VengaWorks currently has space in three areas: in Meridian on Overland Road, just off the freeway; in Caldwell, near the 20/26 exit, and in downtown Star. The MDC space provides another opportunity for people who want to be closer to downtown Meridian, including its restaurants and City Hall, Gilbreath said. The Overland Road space is Leadership in Energy and Environmental Design (LEED) Gold certified, and while the MDC space isn’t expected to receive LEED certification, it has sustainable features such as natural light and care taken with aspects such as fixtures and finishes, he said.
For as little as $199 per month, people get access to each of those spaces, working in each one as the need strikes them. (The Overland Road location does offer more traditional fixed-space leases as well, for $399 a month.) Meanwhile, VengaWorks and the MDC basically oversell the space, counting on the fact that—like athletic clubs in January—far more people can sign up for the service than will ever use it at one time. MDC, for example, was thinking in terms of making $4,000 a month on the space at capacity; through the VengaWorks setup, it stands to bring in up to $9,000. (There is also the possibility of renting out space to artists for $100 a month.)
There are downsides, aside from the fact that workers can’t leave their coffee mugs and family pictures on the desk. If companies aren’t tied to a multi-year lease, at the same time they also can’t count on physical resources such as conference rooms or even desks to be available when they need them—that doesn’t appear to be a problem thus far, though Gilbreath wouldn’t say how many VengaWorks members there are—and the monthly fee can change, well, monthly.
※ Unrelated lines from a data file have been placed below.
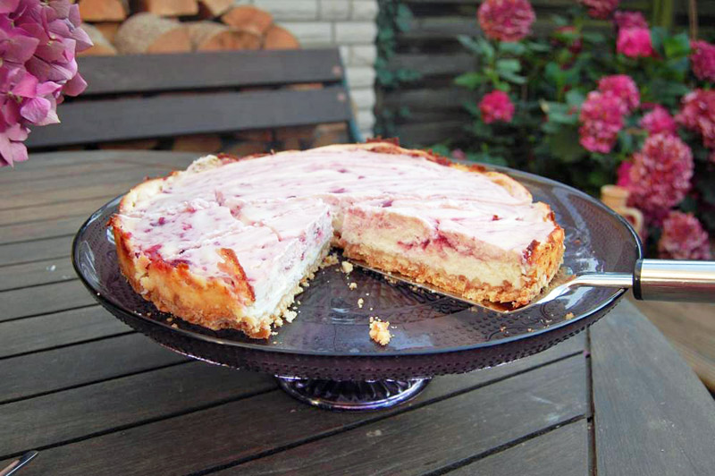 Die Frischkäsemasse gleichmäßig auf den Boden streichen. Die frischen Himbeeren waschen und trocknen, bei Tiefkühlbeeren entfällt dieser Arbeitsschritt. Beeren mit 30 Gamm Zucker in einem hohen Gefäß mit einem Passierstab pürieren. Dann mit einem Löffel wellenartig unter den Teig mischen. Im vorgeheizten Backofen in 40 bis 45 Minuten backen. Fertig gebackenen Cheesecake kurz in der Form auskühlen lassen, erst dann herauslösen. Am besten lässt er sich anschneiden, wenn er vollständig abgekühlt ist.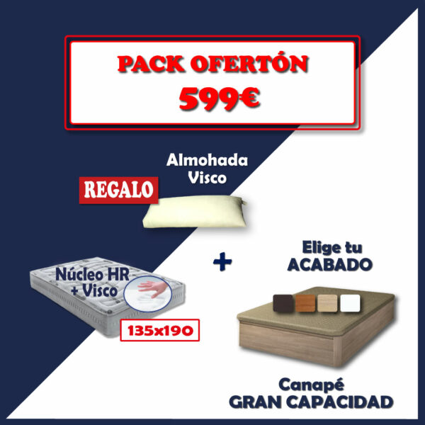 PACK COLCHÓN VISCO + CANAPÉ GRAN CAPACIDAD + ALMOHADA DE REGALO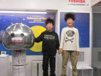 静電気が起きる実験を、友達と手をつないで楽しみました。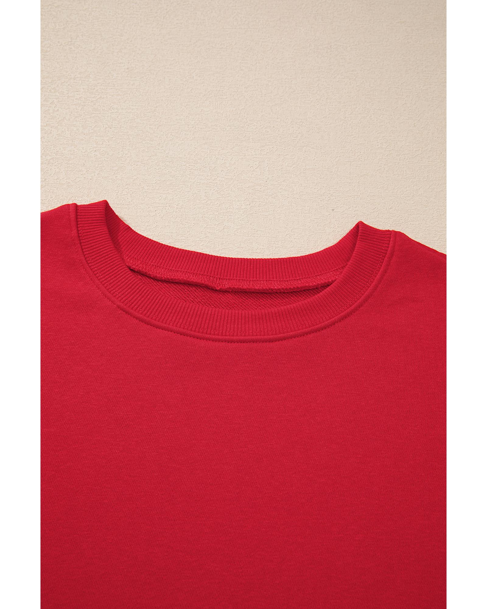 Racing Red Solid Crew Neck Drop Shoulder Plus Size Sweatshirt – 1X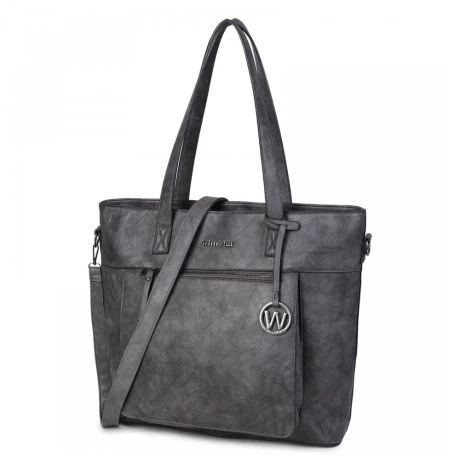 Schoudertas uit de Evelina serie van Wimona. De tas is zeer ruim ingedeeld, bevat ruimte voor A4 documenten en heeft een organisatiepaneel voor een smartphone, portemonnee en pennen. De tas is van binnen praktisch ingedeeld, heeft een vak ter afscheiding met ritssluiting en een apart laptop/ tabletvak. De schoudertas bevat naast ruime handvatten ook een afneembare schouderriem, waardoor de tas ook over de schouder draagbaar is.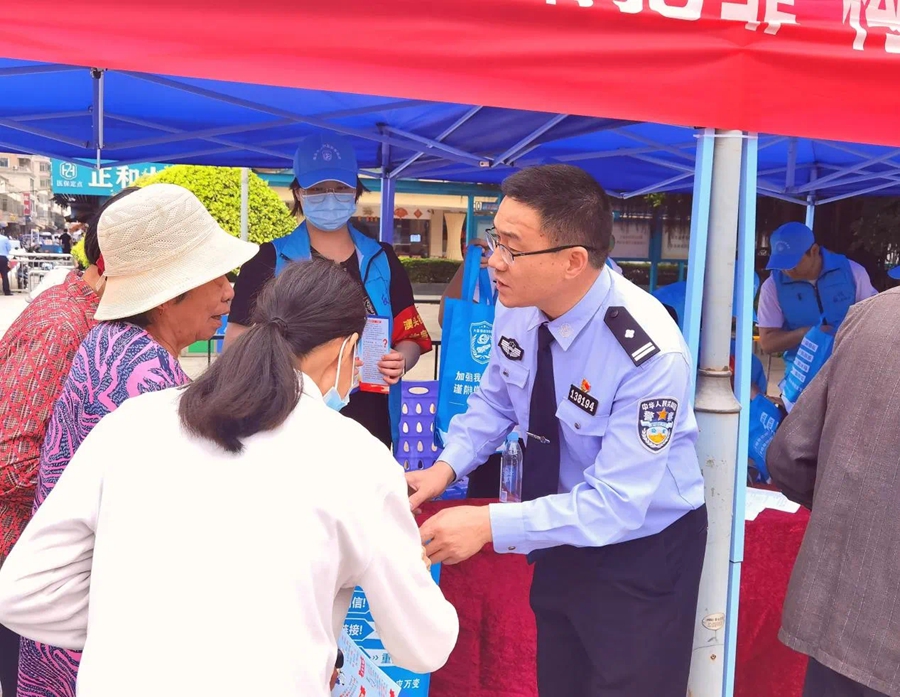 大亞灣公安向市民宣傳反詐知識。

While it’s similar to incubator spaces such as Boise State University’s Technology and Entrepreneurial Center in Nampa and Mark River’s WaterCooler in Boise—and Gilbreath would love to find a way to work together—it is different. Though many VengaWorks members are in the technology industry—and TechConnect, which helps technology companies get off the ground, has space in VengaWorks itself—it’s not necessarily tied to any one industry. “They’re focused on tech startups, we’re focused on supporting business,” Gilbreath said.
What isn’t clear now is how successful it will be. According to organization minutes, MDC leased the space from the building owners for two years with an early buyout provision that would allow them to terminate the lease. MDC’s primary goal, Gilbreath said, is to stimulate business in downtown Meridian. And though it’s unknown how many members are there of the creative class who need an office in Meridian, Gilbreath said leases in the Overland Road location are steadily increasing over the past 11 months.
The space is scheduled to open November 16.